Team members (in alphabetical order) - 17 (06/2013)
Dr. Jan Babic | Jozef Stefan Inst. & University of Ljubljana | Ljubljana | SI |
Dr. Gunnar Blohm | Queens University | Kingston | CA |
Dr. Frédéric Crevecoeur | Queens University | Kingston | CA |
Dr. Ola Eiken | Royal Institute of Technology | Stockholm | SE |
Prof. Joachim Hermsdörfer | Technische Universität München | München | DE |
Prof. Amir Karniel | Ben-Gurion University of the Negev | Beer-Sheva | IL |
Prof. Thomas Lang | University of California, San Francisco | San Francisco | US |
Prof. Philippe Lefèvre | Université catholique de Louvain | Louvain-la-Neuve | BE |
Dr. Joe McIntyre | Université Paris Descartes | Paris | FR |
Dr. Makii Muthalib | Université de Montpellier 1 | Montpellier | FR |
Prof. Harris Papaxanthis | Université de Bourgogne | Dijon | FR |
Prof. Thierry Pozzo | Université de Bourgogne | Dijon | FR |
Dr. Jon Scott | QinetiQ | Farnborough | UK |
Dr. Jack Van Loon | VU Amsterdam & ESA/ESTEC | Amsterdam | NL |
Prof. Jean-Louis Thonnard | Université catholique de Louvain | Louvain-la-Neuve | BE |
Dr. Olivier White | Université de Bourgogne | Dijon | FR |
Prof. Alan M Wing | University of Birmingham | Birmingham | UK |
Principal Investigator
Dr.
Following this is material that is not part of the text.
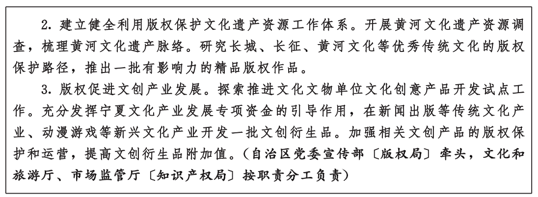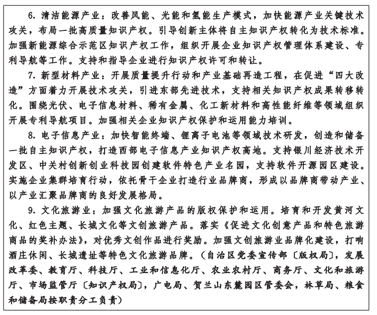 1.完善知识产权法规政策。依法及时推动知识产权地方性法规、规章的立改废释。探索制定电子商务、大数据和人工智能等新领域、新业态的知识产权保护规则,加强数据生产、流通、利用、共享过程中的知识产权保护。制定实施现代煤化工、新能源、新型材料、装备制造等优势特色产业的专利、商标、商号的保护政策,建立健全民间文学艺术作品、非物质文化遗产和中医药等领域的知识产权保护措施。研究制定规制知识产权滥用行为的有关工作规范。落实商业秘密保护规定。支持吴忠、固原出台地理标志保护和运用制度。依法加强涉及国家安全的知识产权对外转让行为管理。(自治区党委宣传部〔版权局〕、网信办,发展改革委、司法厅、生态环境厅、农业农村厅、商务厅、文化和旅游厅、卫生健康委、市场监管厅〔知识产权局〕,高级人民法院、人民检察院,银川海关,林草局、药监局按职责分工负责)

Olivier White - Université de Bourgogne, FRANCE
Olivier White (Belgium, born 1977) obtained his master degree in Computer Engineering in 2000. Between 2000 and 2002, he worked in the Rehabilitation Unit (medicine faculty, Université catholique de Louvain, BE) as a software and hardware engineer to create an experimental platform for parabolic flight experiments. Between 2002 and 2007, he completed a PhD in systems and control at the Center for Systems Engineering and Applied Mechanics (UCL). He was an active member of a Topical Team funded by ESA and he contributed to the writing of an ILSRA proposal (Dexterous is now scheduled to fly). His main interests were focused on the role of gravity in the control of dexterous manipulation. Between 2007 and 2009, he was a postdoctoral fellow at Bangor University (UK) and investigated motor control in redundant systems (advisor: Jörn Diedrichsen’s). Then he worked during 1.5 years as a Science Officer at the European Science Foundation (ESF) to support peer review activities and participate to the elaboration of THESEUS. He is now associate professor in Computational Neuroscience at Université de Bourgogne (Dijon, FR). His current research addresses computational motor control, object manipulation, redundant systems, role of noise in planning and execution, adaptation to force field and altered gravity. He is also responsible for the setting up of a new fMRI platform in Dijon. Olivier is member of the ELGRA association.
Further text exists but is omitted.